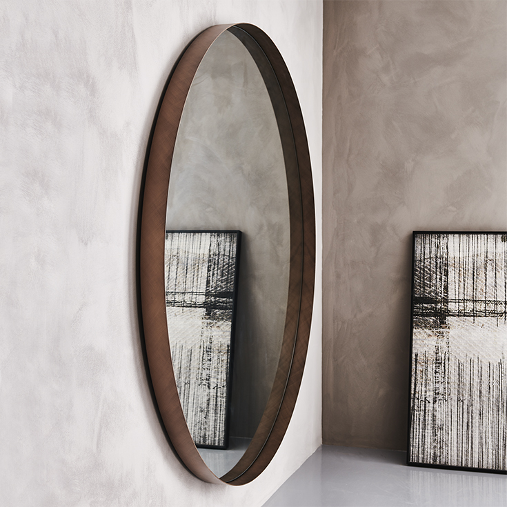 Настенное зеркало. Рама из стали окрашенной в гофрированный титан (GFM11), черный (GFM73), брашированную бронзу или брашированный серы.
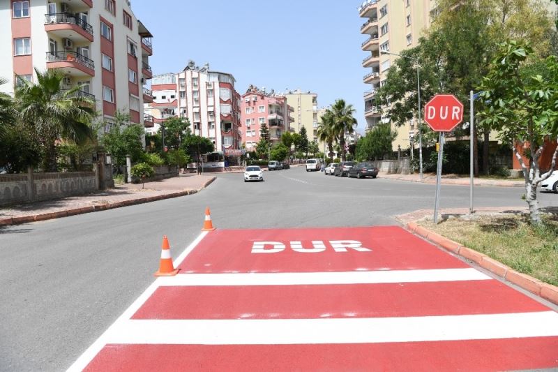 Konyaaltı Belediyesi, ara sokaklarda yaya güvenliğini arttırmak için işaretleme çalışması gerçekleştiriyor.
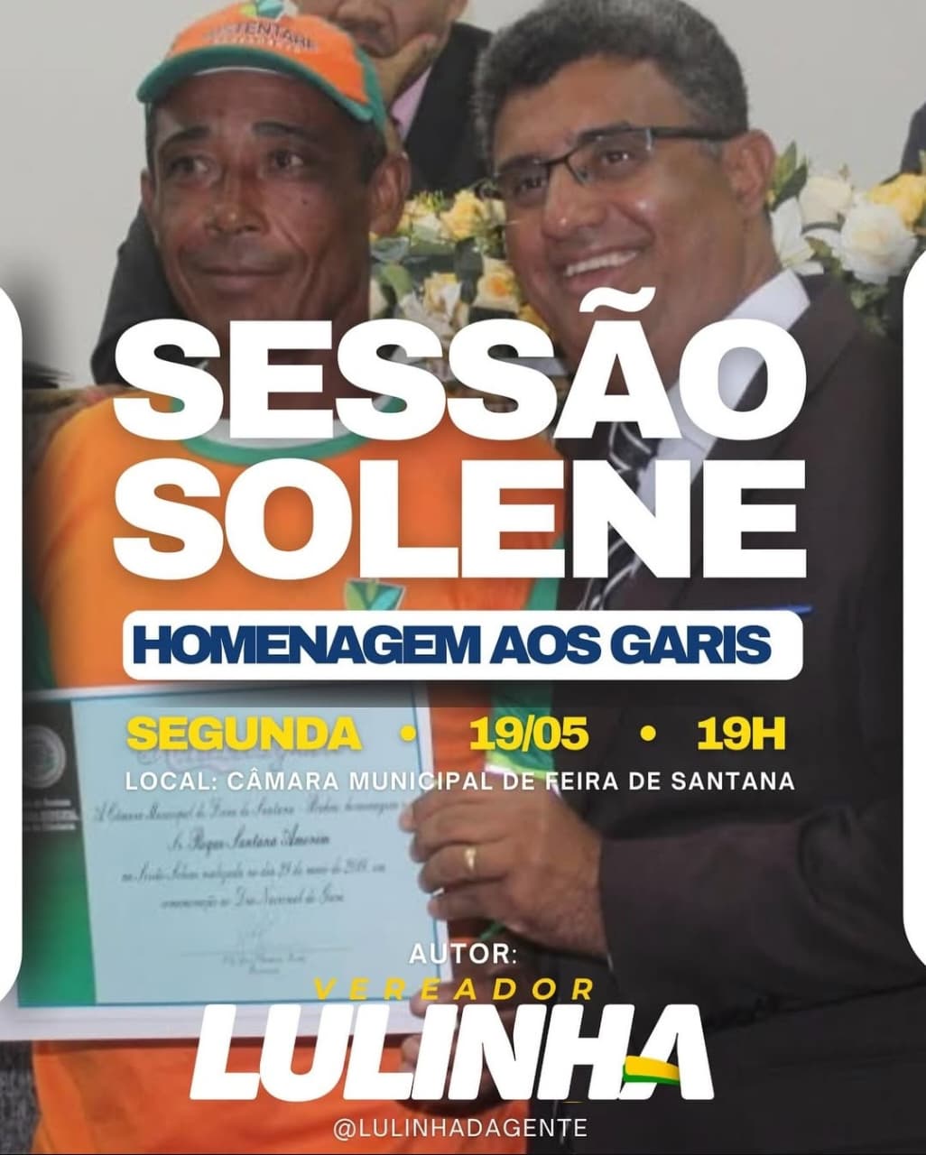 O vereador Luiz Augusto de Jesus (União Brasil) tem a honra de convidar toda a sociedade para a sessão solene em homenagem ao Dia do Gari, que ocorrerá na próxima segunda-feira, 19 de maio, às 19h, na Câmara de Vereadores de Feira de Santana.
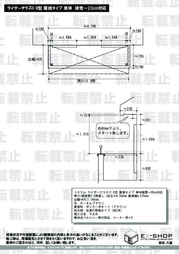 サイズ | 屋根幅 4,570mm 出幅 1,185mm |
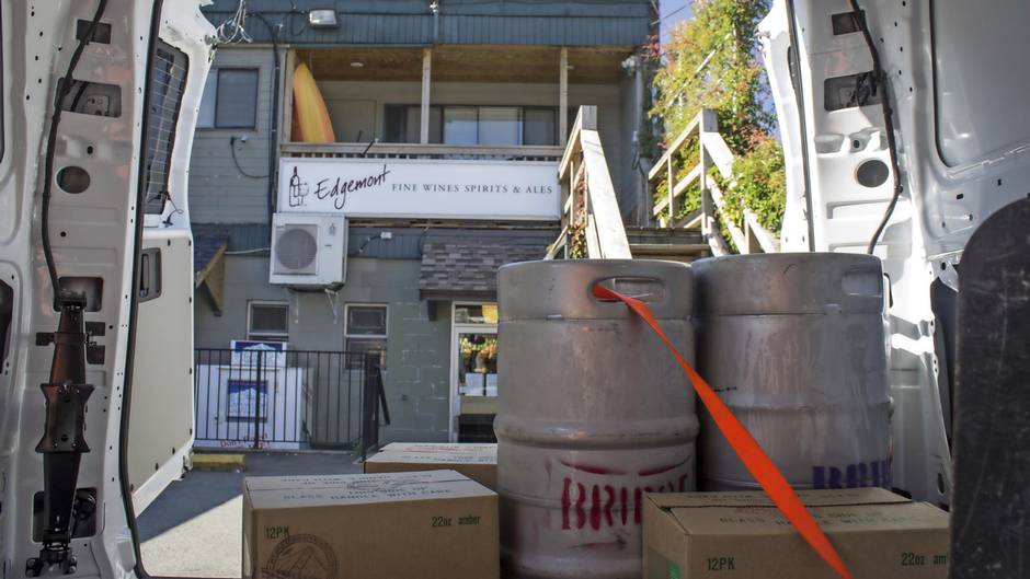 It’s a sunny Thursday and, with the prospect of a thirsty weekend on the horizon, local liquor stores and restaurants are restocking their wares in preparation for the coming hordes. Outside of Edgemont Liquor Shoppe in North Vancouver, that means a four-way logjam between the cube van of Driftwood Brewing, the Ram ProMasters of Four Winds Brewing and Powell Street Brewing, and an all-white Mercedes-Benz Metris. This last is loaded up with kegs, bombers, six-packs and cans of beer from Bridge Brewing, and is being unloaded by its new temp: me.
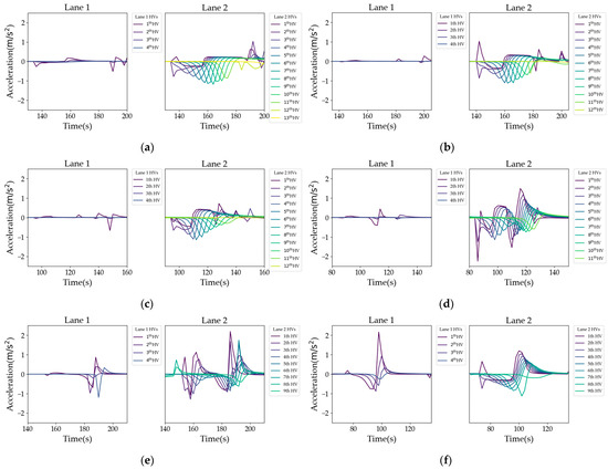 The trajectory of acceleration for upstream vehicles: (a) the first lane-changing vehicle as P1; (b) the first lane-changing vehicle as P2; (c) the first lane-changing vehicle as P3; (d) the first lane-changing vehicle as P4; (e) the first lane-changing vehicle as P5; and (f) the first lane-changing vehicle as P6.
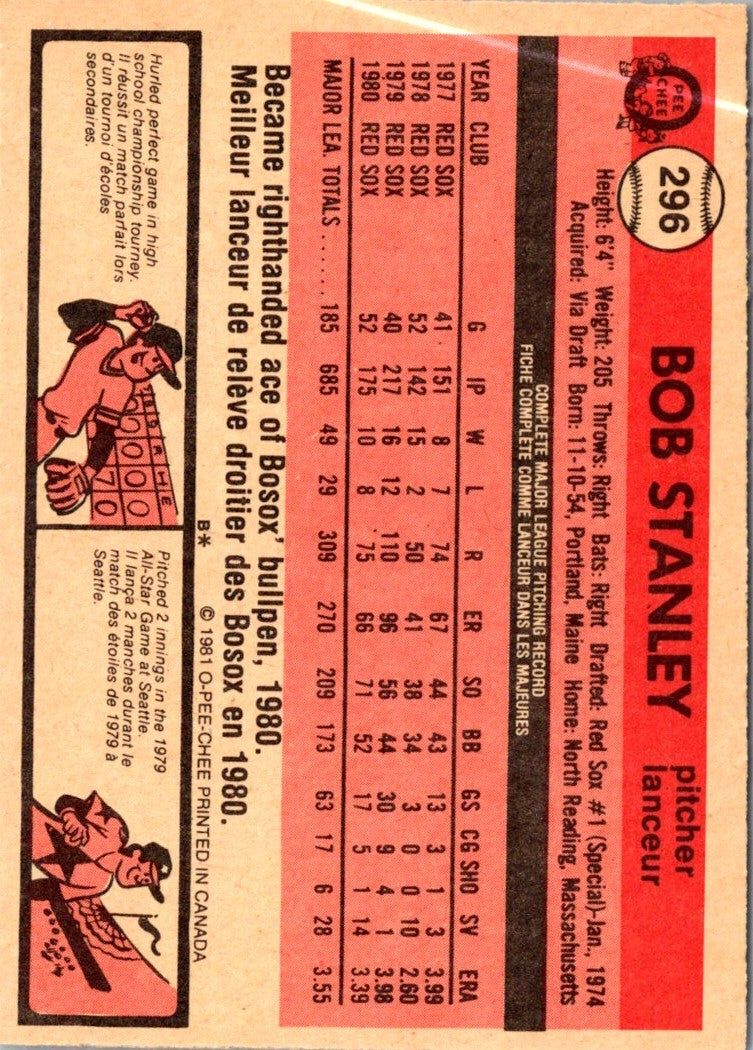 The 1981 O-Pee-Chee Bob Stanley card #296 is a must-have for any die-hard Boston Red Sox fan. This card features Stanley in his Red Sox uniform as he winds up for a pitch. The card captures the classic look and feel of the time, and it will remind you of the great MLB teams of the 1980s. With bright colors and sharp details, this card will look great in any collection. Add this iconic card to your collection to show your support for the Boston Red Sox!
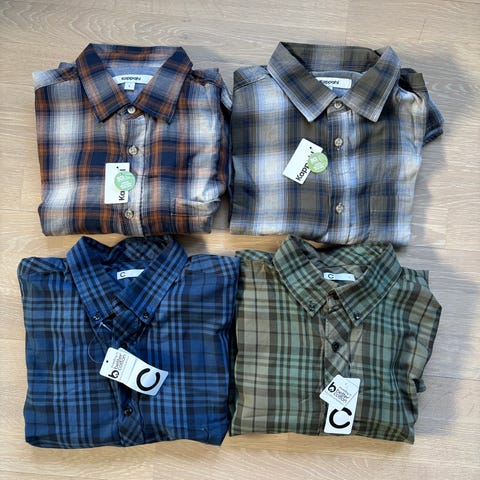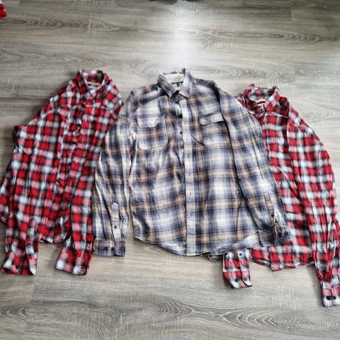 4 nye skjorter i rutete flerfarget mønster i størrelse L. Skjorten har klassisk krage og knepping i front. Passer til hverdagsbruk eller fritid, og kan brukes alene eller over t‑skjorte. Flerfarget rutemønster gir et variert uttrykk som kan kombineres med både jeans og chinos. Nypris: 2200kr, selges samlet for 299kr.
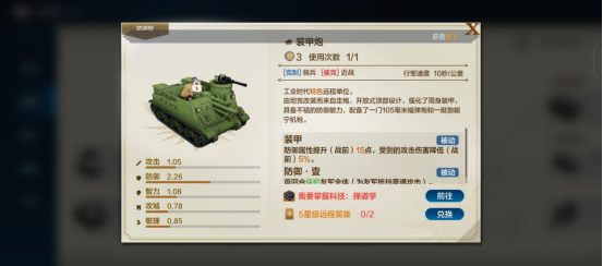 装甲炮攻击属性低下,但防御性能上极为突出,智力属性也远超前二者,被动更是全往坦度和防御上堆,可以说三个兵种中最肉的。
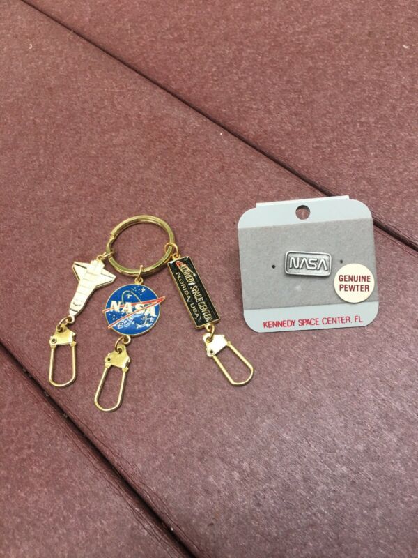 Title (ebay affiliate link): NASA~KENNEDY SPACE CENTER~SHUTTLE~VINTAGE PIN & KEY CHAIN
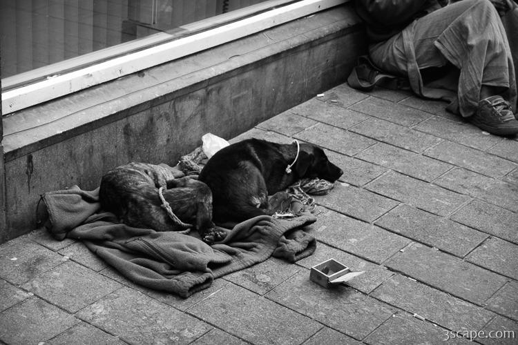 Picture of Dogs begging for some coin in gallery Amsterdam (Part 1).
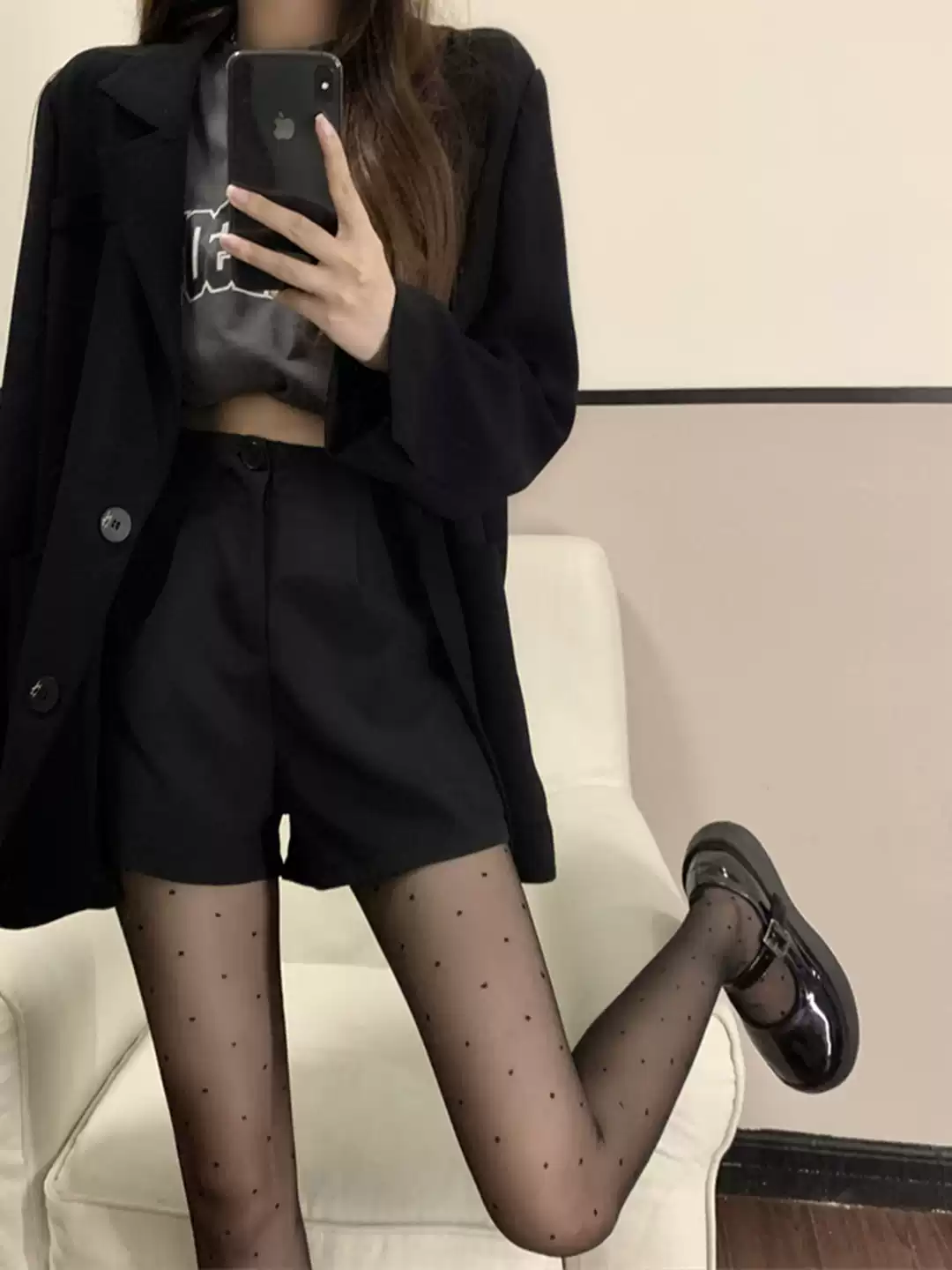 两双装黑色波点丝袜女薄款透肉防勾丝连裤打底袜ins性感圆点黑丝
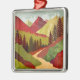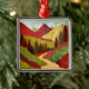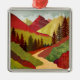 An abstract landscape with unique textures showing a mountain landscape with a hiking trail and trees and beautiful sunrays in shades of red, crimson, yellow, and green.
——
▸ **The task**: Omit the pictures and set down the records exactly.

▸ **Exercise output**:
 Настенное зеркало. Рама из стали окрашенной в гофрированный титан (GFM11), черный (GFM73), брашированную бронзу или брашированный серы.
 Konyaaltı Belediyesi, ara sokaklarda yaya güvenliğini arttırmak için işaretleme çalışması gerçekleştiriyor.
 O vereador Luiz Augusto de Jesus (União Brasil) tem a honra de convidar toda a sociedade para a sessão solene em homenagem ao Dia do Gari, que ocorrerá na próxima segunda-feira, 19 de maio, às 19h, na Câmara de Vereadores de Feira de Santana.
 サイズ | 屋根幅 4,570mm 出幅 1,185mm |
 It’s a sunny Thursday and, with the prospect of a thirsty weekend on the horizon, local liquor stores and restaurants are restocking their wares in preparation for the coming hordes. Outside of Edgemont Liquor Shoppe in North Vancouver, that means a four-way logjam between the cube van of Driftwood Brewing, the Ram ProMasters of Four Winds Brewing and Powell Street Brewing, and an all-white Mercedes-Benz Metris. This last is loaded up with kegs, bombers, six-packs and cans of beer from Bridge Brewing, and is being unloaded by its new temp: me.
 The trajectory of acceleration for upstream vehicles: (a) the first lane-changing vehicle as P1; (b) the first lane-changing vehicle as P2; (c) the first lane-changing vehicle as P3; (d) the first lane-changing vehicle as P4; (e) the first lane-changing vehicle as P5; and (f) the first lane-changing vehicle as P6.
 The 1981 O-Pee-Chee Bob Stanley card #296 is a must-have for any die-hard Boston Red Sox fan. This card features Stanley in his Red Sox uniform as he winds up for a pitch. The card captures the classic look and feel of the time, and it will remind you of the great MLB teams of the 1980s. With bright colors and sharp details, this card will look great in any collection. Add this iconic card to your collection to show your support for the Boston Red Sox!
 4 nye skjorter i rutete flerfarget mønster i størrelse L. Skjorten har klassisk krage og knepping i front. Passer til hverdagsbruk eller fritid, og kan brukes alene eller over t‑skjorte. Flerfarget rutemønster gir et variert uttrykk som kan kombineres med både jeans og chinos. Nypris: 2200kr, selges samlet for 299kr.
 装甲炮攻击属性低下,但防御性能上极为突出,智力属性也远超前二者,被动更是全往坦度和防御上堆,可以说三个兵种中最肉的。
 Title (ebay affiliate link): NASA~KENNEDY SPACE CENTER~SHUTTLE~VINTAGE PIN & KEY CHAIN
 Picture of Dogs begging for some coin in gallery Amsterdam (Part 1).
 两双装黑色波点丝袜女薄款透肉防勾丝连裤打底袜ins性感圆点黑丝
 An abstract landscape with unique textures showing a mountain landscape with a hiking trail and trees and beautiful sunrays in shades of red, crimson, yellow, and green.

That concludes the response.